Extracted records:
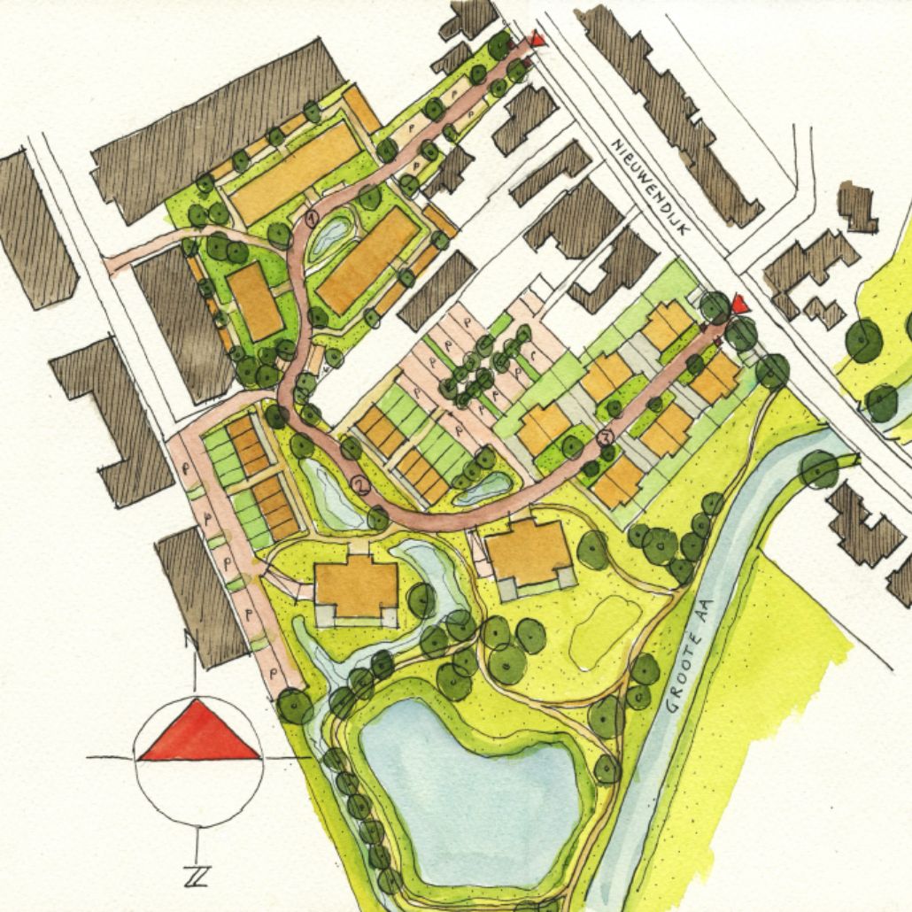 Ook de aangrenzende natuur van de Groote Aa wordt ingericht als park met bomen, bloeiende heesters en wandelpaden die de natuur direct verbindt met het nieuwe Wilhelminapark. Dat wordt heerlijk wandelen, hardlopen of fietsen, direct vanuit uw nieuwe woning.
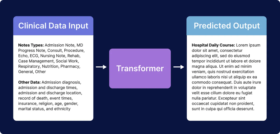 What this all means is that transformers are able to predict deeper relationships within sentences and perform better at NLP tasks such as document classification, sentiment analysis, machine translation, question and answering, and summarization. And in healthcare, that means better diagnostic accuracy prediction, more automation of rote tasks such as medical coding and computer data entry, and precision medicine (designing a medication plan for each patient). Before transformers, the best structure for building a patient summary of their health record would be through a rule-based branching logic with a combination of keyword extraction through a graph-based algorithm such as TextRank. These early models had low fluency and were extremely difficult to maintain when put into production. Hence why true automated narrative summaries in healthcare have been non-existent; if a doctor wanted to read a good summary of the medical chart, they relied on another doctor to comb through the chart and do so manually for them. Transformers are finally good enough as a machine learning model to solve a problem in healthcare such as document summarization.
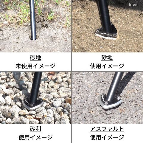 砂地や砂利などのサイドスタンドが埋まり込んでしまう不安定な路面でも、安定した駐輪を可能にする。
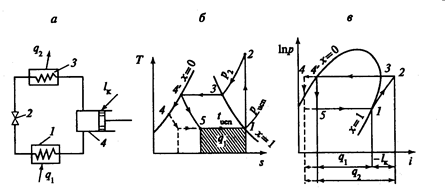 Компрессор 4 засасывает из испарителя 1 сухой насыщенный или слегка перегретый пар хладагента, адиабатно сжимает его до давления р2 (процесс 1-2). Из компрессора перегретый пар поступает в конденсатор 3, где охлаждается до температуры конденсации tк (процесс 2-3), а затем конденсируется (процесс 3-4/-4), отдавая в окружающую среду теплоту q2. После конденсации жидкий хладагент подвергается дросселированию в специальном клапане 2 (процесс 4-5). Полученный влажный пар при давлении рисп поступает в испаритель, где и испаряется при температуре tисп, отбирая теплоту q1 от охлаждаемой среды (процесс 5-1).
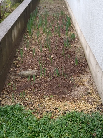 おはようございます😊今朝の雨風☔🌀は凄かった😱今年も早々と芽🌱が出ました。ニラじゃないよ。水仙の芽🌱球根が浅植えだったのかな~🤔
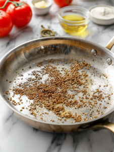 - Heat a heavy-bottomed pan over medium heat and add cumin seeds. Toast them until fragrant, about 30 seconds, until they start to pop and release aroma.
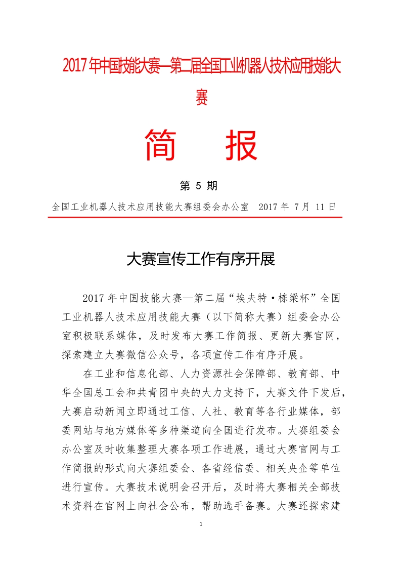 2017年中國技能大賽——第二屆全國工業(yè)機器人技術應用技能大賽簡報(第5期)
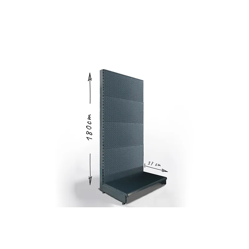 Regał jednostronny, sklepowy, z perforacją, o wysokości 180cm.
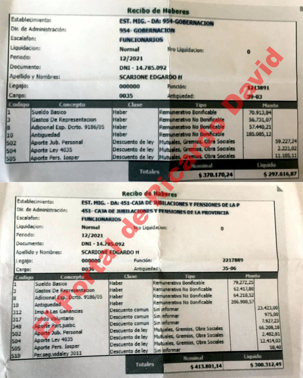 ¿No me crees?. En exclusiva te mostramos ambos recibos… Esperando que el Contador Edgardo Scarione aclare como Subsecretario en la Gobernación, o como Presidente de la Caja de Jubilaciones, con la muda de ropa que él elija.
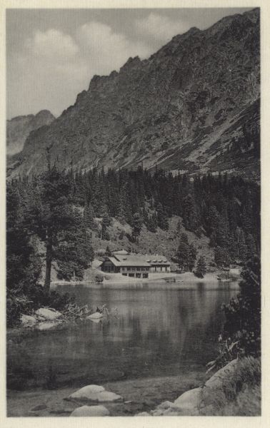 Schronisko nad Popradzkim Stawem w Dolinie Mięguszowieckiej. W tle Popradzka Kopa.
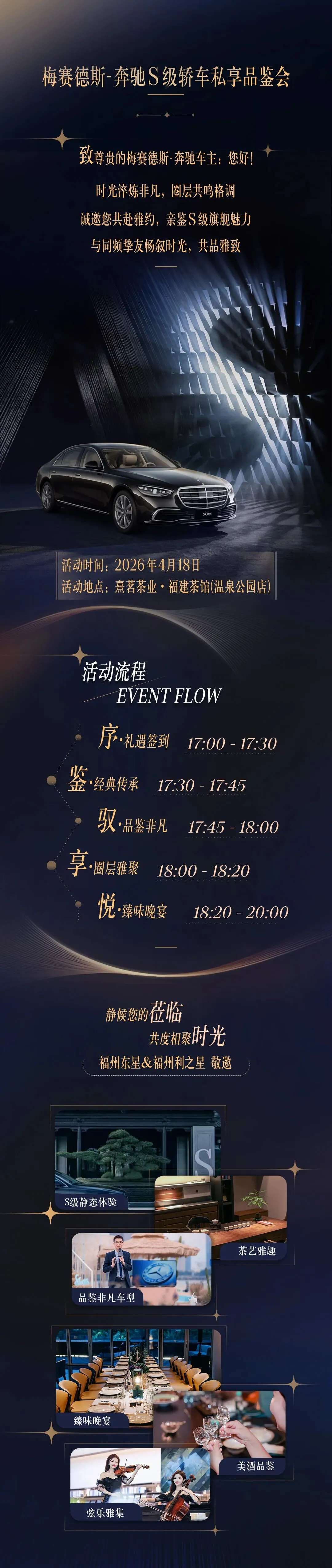 梅赛德斯-奔驰S级轿车私享品鉴会 诚邀您共赴雅约,亲鉴S级旗舰魅力
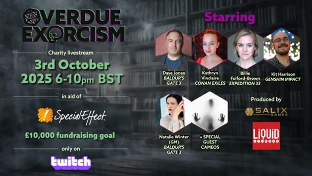 Salix Games and creative agency Liquid Crimson are teaming up to deliver a live, one-night-only tabletop RPG performance: Overdue Exorcism, created especially for One Special Day, in support of the games charity SpecialEffect.
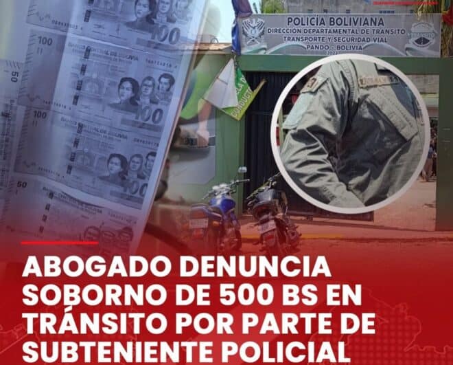 Um subtenente da Direção Departamental de Trânsito de Cobija, no departamento de Pando, foi preso em flagrante após ser denunciado por cobrança irregular de 500 bolivianos a uma pessoa que pilotava motocicleta sem documentação e em aparente estado de embriaguez. A prisão ocorreu após o advogado Dr. José Luis Vargas convocar a imprensa local para acompanhar o caso.
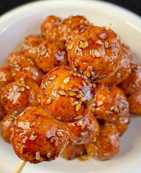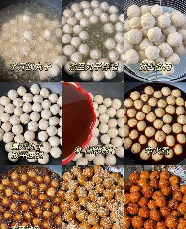 3、煮好的丸子放平底鍋裡面,淋上我們調好的照燒汁。中火煮沸騰,大火收汁,撒上芝麻翻拌均勻即可。

* [TASK PROMPT]
Copy the data character for character, but drop all pictures from the copy.

* [RESPONSE AREA]
 Ook de aangrenzende natuur van de Groote Aa wordt ingericht als park met bomen, bloeiende heesters en wandelpaden die de natuur direct verbindt met het nieuwe Wilhelminapark. Dat wordt heerlijk wandelen, hardlopen of fietsen, direct vanuit uw nieuwe woning.
 What this all means is that transformers are able to predict deeper relationships within sentences and perform better at NLP tasks such as document classification, sentiment analysis, machine translation, question and answering, and summarization. And in healthcare, that means better diagnostic accuracy prediction, more automation of rote tasks such as medical coding and computer data entry, and precision medicine (designing a medication plan for each patient). Before transformers, the best structure for building a patient summary of their health record would be through a rule-based branching logic with a combination of keyword extraction through a graph-based algorithm such as TextRank. These early models had low fluency and were extremely difficult to maintain when put into production. Hence why true automated narrative summaries in healthcare have been non-existent; if a doctor wanted to read a good summary of the medical chart, they relied on another doctor to comb through the chart and do so manually for them. Transformers are finally good enough as a machine learning model to solve a problem in healthcare such as document summarization.
 砂地や砂利などのサイドスタンドが埋まり込んでしまう不安定な路面でも、安定した駐輪を可能にする。
 Компрессор 4 засасывает из испарителя 1 сухой насыщенный или слегка перегретый пар хладагента, адиабатно сжимает его до давления р2 (процесс 1-2). Из компрессора перегретый пар поступает в конденсатор 3, где охлаждается до температуры конденсации tк (процесс 2-3), а затем конденсируется (процесс 3-4/-4), отдавая в окружающую среду теплоту q2. После конденсации жидкий хладагент подвергается дросселированию в специальном клапане 2 (процесс 4-5). Полученный влажный пар при давлении рисп поступает в испаритель, где и испаряется при температуре tисп, отбирая теплоту q1 от охлаждаемой среды (процесс 5-1).
 おはようございます😊今朝の雨風☔🌀は凄かった😱今年も早々と芽🌱が出ました。ニラじゃないよ。水仙の芽🌱球根が浅植えだったのかな~🤔
 - Heat a heavy-bottomed pan over medium heat and add cumin seeds. Toast them until fragrant, about 30 seconds, until they start to pop and release aroma.
 2017年中國技能大賽——第二屆全國工業(yè)機器人技術應用技能大賽簡報(第5期)
 Regał jednostronny, sklepowy, z perforacją, o wysokości 180cm.
 ¿No me crees?. En exclusiva te mostramos ambos recibos… Esperando que el Contador Edgardo Scarione aclare como Subsecretario en la Gobernación, o como Presidente de la Caja de Jubilaciones, con la muda de ropa que él elija.
 Schronisko nad Popradzkim Stawem w Dolinie Mięguszowieckiej. W tle Popradzka Kopa.
 梅赛德斯-奔驰S级轿车私享品鉴会 诚邀您共赴雅约,亲鉴S级旗舰魅力
 Salix Games and creative agency Liquid Crimson are teaming up to deliver a live, one-night-only tabletop RPG performance: Overdue Exorcism, created especially for One Special Day, in support of the games charity SpecialEffect.
 Um subtenente da Direção Departamental de Trânsito de Cobija, no departamento de Pando, foi preso em flagrante após ser denunciado por cobrança irregular de 500 bolivianos a uma pessoa que pilotava motocicleta sem documentação e em aparente estado de embriaguez. A prisão ocorreu após o advogado Dr. José Luis Vargas convocar a imprensa local para acompanhar o caso.
 3、煮好的丸子放平底鍋裡面,淋上我們調好的照燒汁。中火煮沸騰,大火收汁,撒上芝麻翻拌均勻即可。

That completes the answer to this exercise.